The bus bar 31 includes two bus bar terminal portions 31A on the first side A side of the upper arm semiconductor package 113.

In such a semiconductor device 103, the number of terminals increases, so the number of current paths also increases. Furthermore, since the current paths intersect, the inductance is reduced.

The P terminal 13 may include three or more P terminal elements 13A. The first AC terminal 14 may include three or more first AC terminal parts 14A. The second AC terminal 23 may include three or more second AC terminal elements 23A. The third AC terminal 29 may include three or more third AC terminal elements 29A. In either case, the same effects as above are achieved.

<Embodiment 4>
Embodiment 4 is a subordinate concept of Embodiment 1. In Embodiment 4, components similar to those in any of Embodiments 1 to 3 are given the same reference numerals, and detailed description thereof will be omitted.

FIG. 18 is a diagram showing the configuration of the semiconductor device 104 in the fourth embodiment. The semiconductor device 104 includes an upper arm semiconductor package 114 and a lower arm semiconductor package 124. The lower arm semiconductor package 124 is the same as the lower arm semiconductor package 122 of the second embodiment.

The control terminal 15 is not provided in the upper arm semiconductor package 114. If there is no need to control a diode (not shown) or the like related to driving the switching element 10, the control terminal 15 is not necessarily required.

Such a semiconductor device 104 increases the degree of freedom in layout when constructing power control equipment such as an inverter circuit.

Although the lower arm semiconductor package 124 is provided with a control terminal 25, if control of a diode or the like is not required, the control terminal 25 may not be provided. Similarly, the control terminals 15 and 25 may not be provided in both the upper arm semiconductor package 114 and the lower arm semiconductor package 124. In either case, the same effects as above are achieved.

<Embodiment 5>
In Embodiment 5, components similar to those in any of Embodiments 1 to 4 are given the same reference numerals, and detailed description thereof will be omitted.

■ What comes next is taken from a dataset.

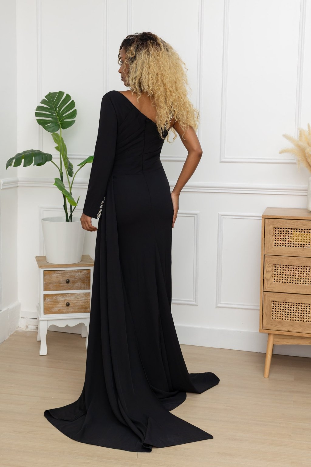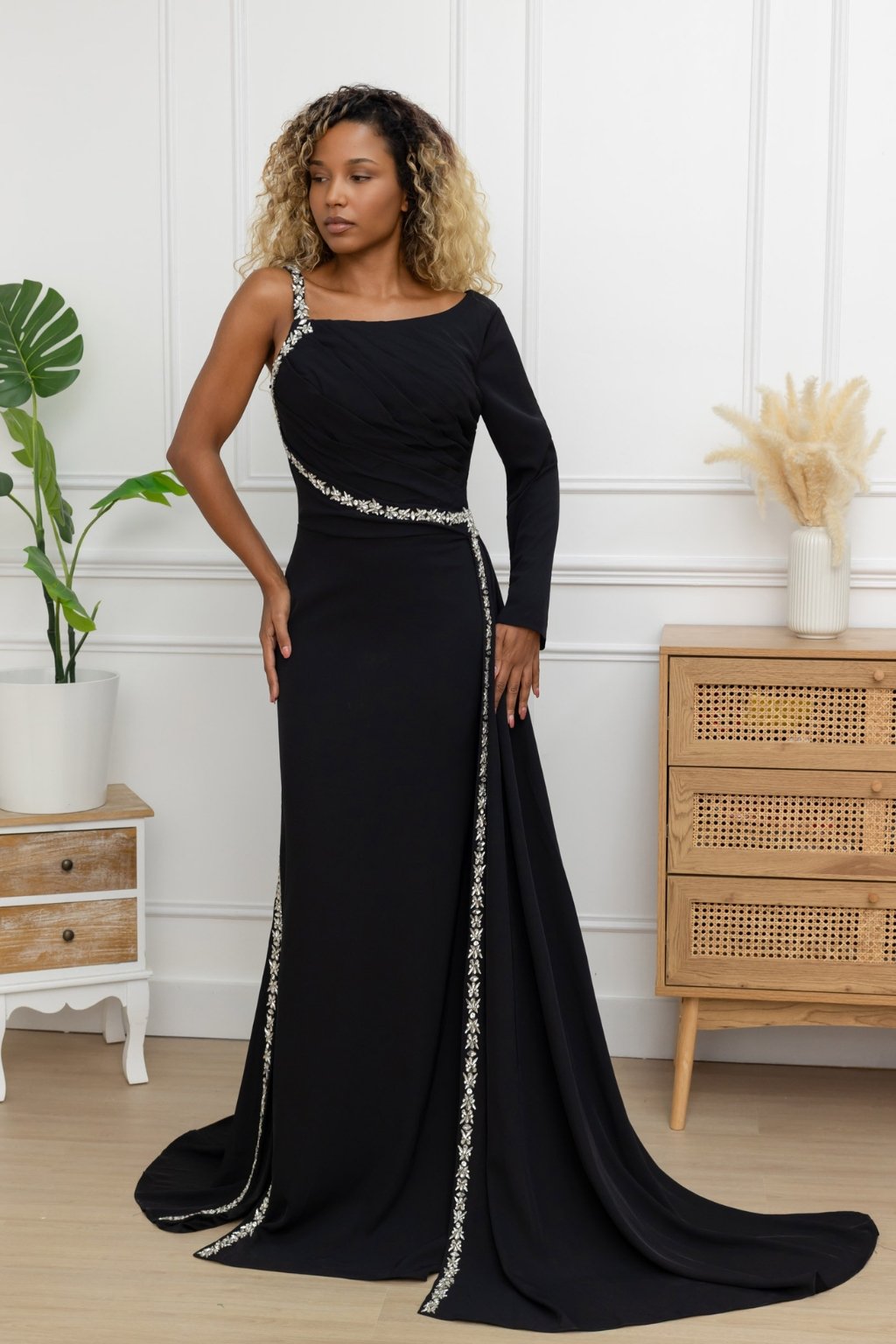 Čierne dlhé spoločenské šaty s jedným rukávom

FIG. 19 is a side view showing an example of a holding structure for the semiconductor chip 52 in the fifth embodiment. The semiconductor chip 52 corresponds to the first semiconductor chip 12 or the second semiconductor chip 22.

The semiconductor device in the fifth embodiment includes a metal plate 53, an insulating material 54, and a heat spreader 55 instead of the insulating substrates 11 and 21 having the metal patterns 17 and 27.

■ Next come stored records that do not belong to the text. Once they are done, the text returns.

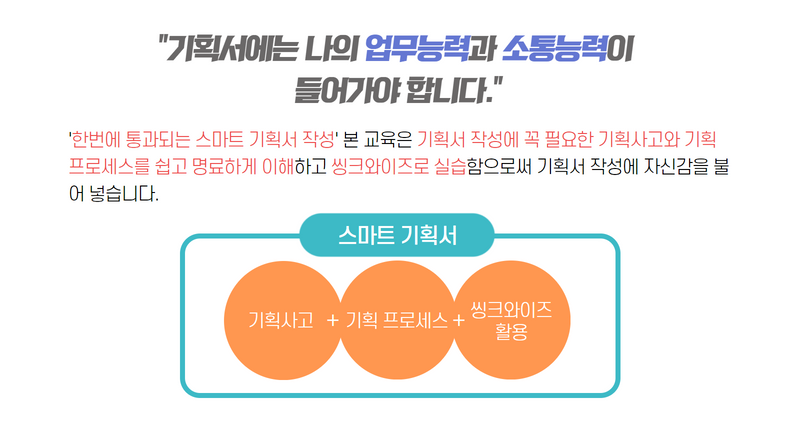 - 기획서를 핵심 정리와 설득력 있고 빠른 시간 내에 완성할 수 있다.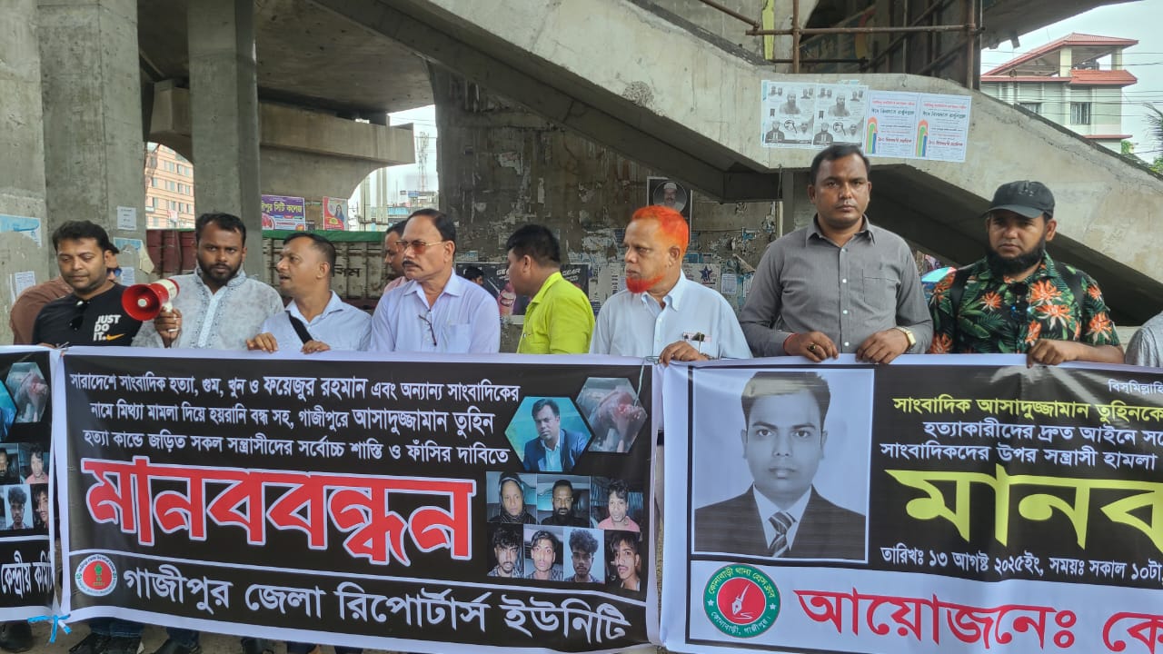 গাজীপুরে ধারালো অস্ত্রের আঘাতে সাংবাদিক আসাদুজ্জামান তুহিন নিহত হওয়ার পর তার হত্যাকারীদের দ্রুত বিচার এবং সর্বোচ্চ শাস্তি কার্যকর করার দাবিতে মানববন্ধন অনুষ্ঠিত হয়েছে। পাশাপাশি, সারাদেশে সাংবাদিকদের ওপর হামলা ও মিথ্যা মামলায় হয়রানির প্রতিবাদ জানানো হয়।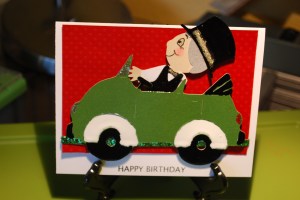 Project 6:  My girls and I made this for my father-in-law’s birthday that was in early December.  He loves old cars, so we had fun doing some new tricks using Peachy Keen faces and Everyday Paper Dolls Cricut Cartridge.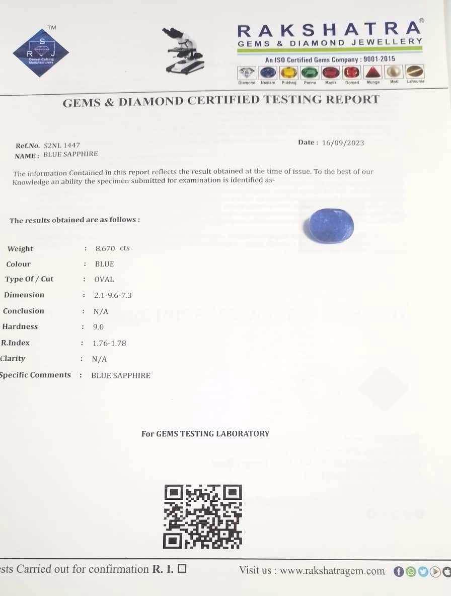 | SPECIFIC COMMENTS: | BLUE SAPPHIRE |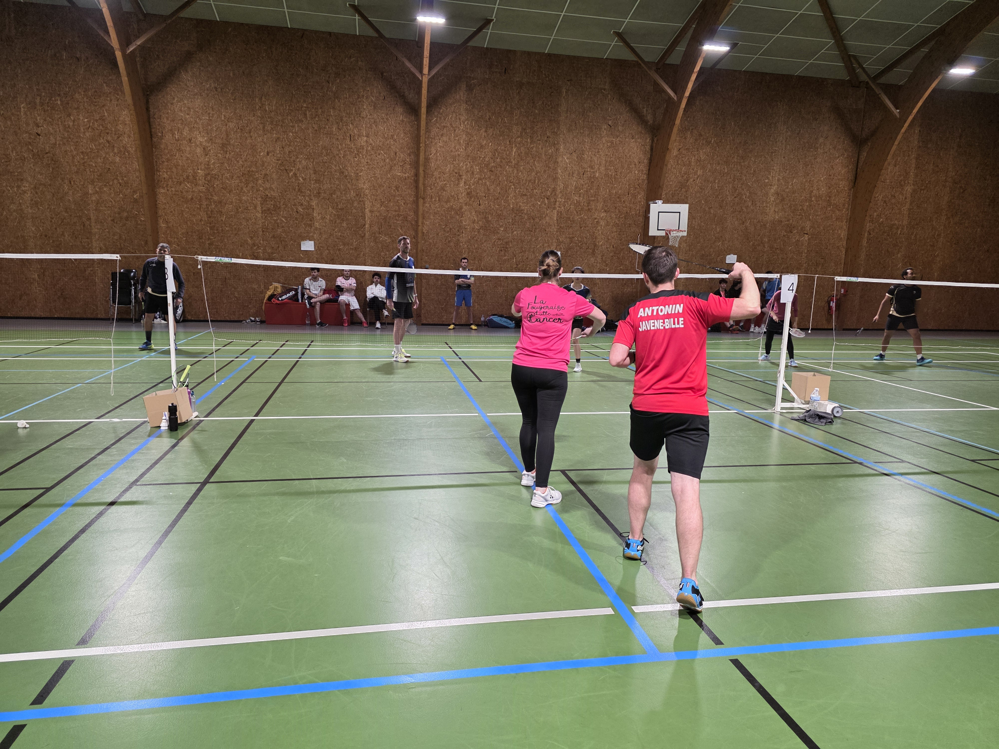 En poule unique de 5, ils gagnent assez facilement leurs deux premiers matchs 21/9 - 21/15 et 21/9 - 21/8. Le 3ème match s’avère plus compliqué. Après un premier set pas vraiment disputé, qu’ils gagnent 21/11, le 2ème sera lui compliqué, ils perdent 21/8. Le 3ème set sera le set de la libération pour les deux paires, ils offriront un set haletant aux spectateurs. Nos protagonistes finiront par gagner 21/18 et par conséquent, remporter le match. Dernier match au goût de finale. Ils sont contre un père et sa fille venues de Parigné. Dans ce dernier match, Antonin et Gwënola ne trouverons jamais leurs jeux, et perdrons difficilement 21//11 - 21/14.

The insulating material 54 is provided on the surface of the metal plate 53. Heat spreader 55 is provided on insulating material 54 . The heat spreader 55 holds the semiconductor chip 52 via a bonding material 56.

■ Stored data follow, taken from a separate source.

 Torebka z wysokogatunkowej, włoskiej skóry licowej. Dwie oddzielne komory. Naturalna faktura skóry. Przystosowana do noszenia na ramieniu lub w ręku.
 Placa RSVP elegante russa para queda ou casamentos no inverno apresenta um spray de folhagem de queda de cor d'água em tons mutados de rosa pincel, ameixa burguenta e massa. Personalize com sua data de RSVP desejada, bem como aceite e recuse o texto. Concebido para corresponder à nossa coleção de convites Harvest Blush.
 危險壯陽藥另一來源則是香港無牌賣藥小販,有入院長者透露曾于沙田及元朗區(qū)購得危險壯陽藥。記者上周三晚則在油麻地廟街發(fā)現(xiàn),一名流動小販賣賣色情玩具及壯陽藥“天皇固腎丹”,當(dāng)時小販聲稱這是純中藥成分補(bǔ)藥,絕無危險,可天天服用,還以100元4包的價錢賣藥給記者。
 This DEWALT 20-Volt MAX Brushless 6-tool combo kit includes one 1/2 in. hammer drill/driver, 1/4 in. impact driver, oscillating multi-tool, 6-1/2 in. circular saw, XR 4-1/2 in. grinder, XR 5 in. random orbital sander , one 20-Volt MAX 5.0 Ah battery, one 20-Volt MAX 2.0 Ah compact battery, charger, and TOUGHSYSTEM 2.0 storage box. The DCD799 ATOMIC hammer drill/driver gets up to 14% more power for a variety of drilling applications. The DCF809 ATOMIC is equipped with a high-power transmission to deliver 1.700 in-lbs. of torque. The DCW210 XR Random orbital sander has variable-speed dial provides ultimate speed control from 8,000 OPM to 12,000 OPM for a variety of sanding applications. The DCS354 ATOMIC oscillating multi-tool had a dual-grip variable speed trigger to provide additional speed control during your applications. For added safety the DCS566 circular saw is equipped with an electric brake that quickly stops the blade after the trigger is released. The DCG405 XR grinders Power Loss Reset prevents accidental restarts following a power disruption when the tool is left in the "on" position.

The heat spreader 55 has a larger heat capacity than the insulating substrates 11 and 21 having the metal patterns 17 and 27. Therefore, such a semiconductor device reduces transient thermal resistance.

<Embodiment 6>
Embodiment 6 is a subordinate concept of Embodiment 1. In Embodiment 6, components similar to those in any of Embodiments 1 to 5 are given the same reference numerals, and detailed description thereof will be omitted.

20 and 21 are diagrams showing an example of the configuration of the upper arm semiconductor package 116 and the bus bar 32 in the sixth embodiment.

The upper arm semiconductor package 116 includes two protrusions 16B on its upper surface. The protrusion 16B is formed as a part of the sealant 16. Bus bar 32 includes two holes 32B corresponding to its two protrusions 16B. The hole 32B of the bus bar 32 fits into the protrusion 16B of the upper arm semiconductor package 116.

In the process of assembling the semiconductor device, the mounting position of the bus bar 32 with respect to the position of the upper arm semiconductor package 116 is determined by its fitting structure. The number of protrusions 16B and holes 32B is not limited to two, and may be one or three or more.

<Embodiment 7>
Embodiment 7 is a subordinate concept of Embodiment 1. In Embodiment 7, components similar to those in any of Embodiments 1 to 6 are given the same reference numerals, and detailed description thereof will be omitted.

FIG. 22 is a plan view showing the internal structure of the upper arm semiconductor package 117 in Embodiment 7. FIG. 23 is a plan view showing the internal structure of the lower arm semiconductor package 127.

The first semiconductor chip 12 and the second semiconductor chip 22 contain SiC as a semiconductor material. Such a configuration increases the output of the semiconductor device.

<Embodiment 8>
In Embodiment 8, components similar to those in any of Embodiments 1 to 7 are given the same reference numerals, and detailed description thereof will be omitted.

FIG. 24 is a diagram showing the configuration of semiconductor device 108 in Embodiment 8.

The semiconductor device 108 includes two upper arm semiconductor packages 118 and two lower arm semiconductor packages 128. The two upper arm semiconductor packages 118 are arranged in parallel to each other. The two lower arm semiconductor packages 128 are arranged in parallel to each other. The upper arm semiconductor package 118 has the same configuration as the upper arm semiconductor package 113 in the third embodiment. The lower arm semiconductor package 128 has the same configuration as the lower arm semiconductor package 123 in the third embodiment.

The upper arm semiconductor package 118 is arranged so that its second side surface B faces the third side surface C of the lower arm semiconductor package 128. The first AC terminal section 14A is connected to the second AC terminal element 23A. Thereby, the switching element 10 of the upper arm semiconductor package 118 and the switching element 10 of the lower arm semiconductor package 128 are connected in series with each other.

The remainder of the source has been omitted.